▶ **Given information**
# # # # # # #
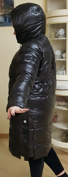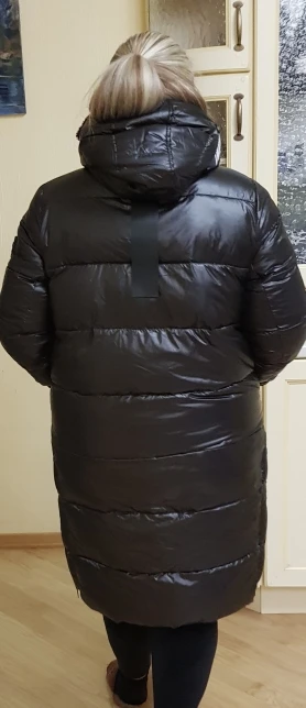Пуховик теплый, пошит качественно, запаха нет, нитки не торчат. Упакован очень хорошо. При распаковке начинает набирать сразу объём,Цвет–черный, блестит–в меру,ткань тоненькая смотрится со стороны хорошо, фасон–молодежный, два бегунка на молнии, карманы не застёгиваются, внутри с флисом, расположены по типу–кенгуру, рукава не широкие внутри на трикотажной резинке. Я покупкой очень довольна, продавца рекомендую.
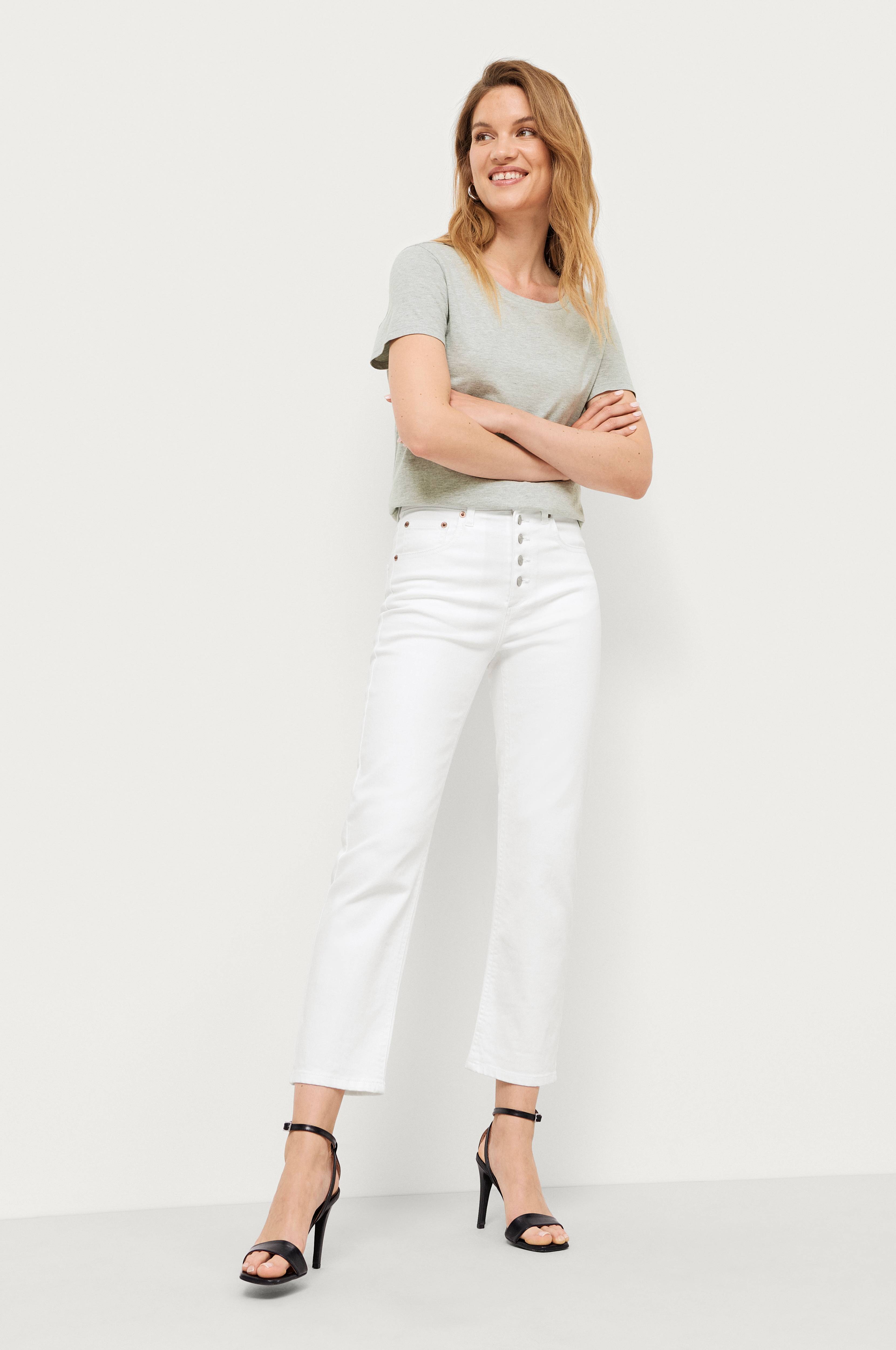 - Disse jeans er produceret med Jeanologias Laser- og E-Flow-teknologi. Processerne reducerer i høj grad forbruget af el, vand og kemikalieforbrug i farvning, vask og finish sammenlignet med traditionelle metoder. Fordelen ved laser er, at det kan skabe slidte effekter på stoffet i stedet for at bruge andre metoder, der kan være skadelige for miljøet og sundheden, f.eks. kemikalier, slidte effekter lavet i hånden og sandblæsning.
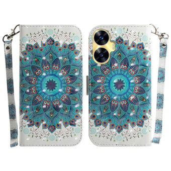 Θήκη τηλεφώνου από δέρμα με οριζόντιο άνοιγμα 3D χρωματιστή για Realme C55 (Στεφάνι Παγωνιού)
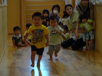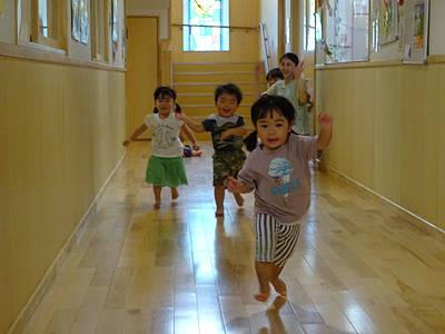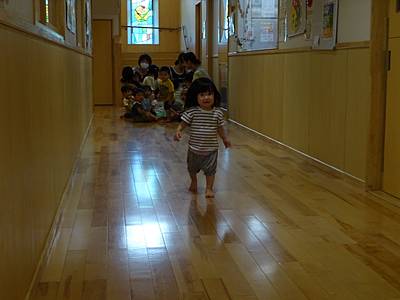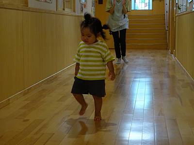 今日のつくしさんは、廊下でかけっこをしましたよ。
# # # # # # #
▶ **Task to complete**
What you return should be the exact lines from the one containing "Θήκη τηλεφώνου από" through the end of the listing above, both included, minus any pictures.

▶ **Output of the task**
 Θήκη τηλεφώνου από δέρμα με οριζόντιο άνοιγμα 3D χρωματιστή για Realme C55 (Στεφάνι Παγωνιού)
 今日のつくしさんは、廊下でかけっこをしましたよ。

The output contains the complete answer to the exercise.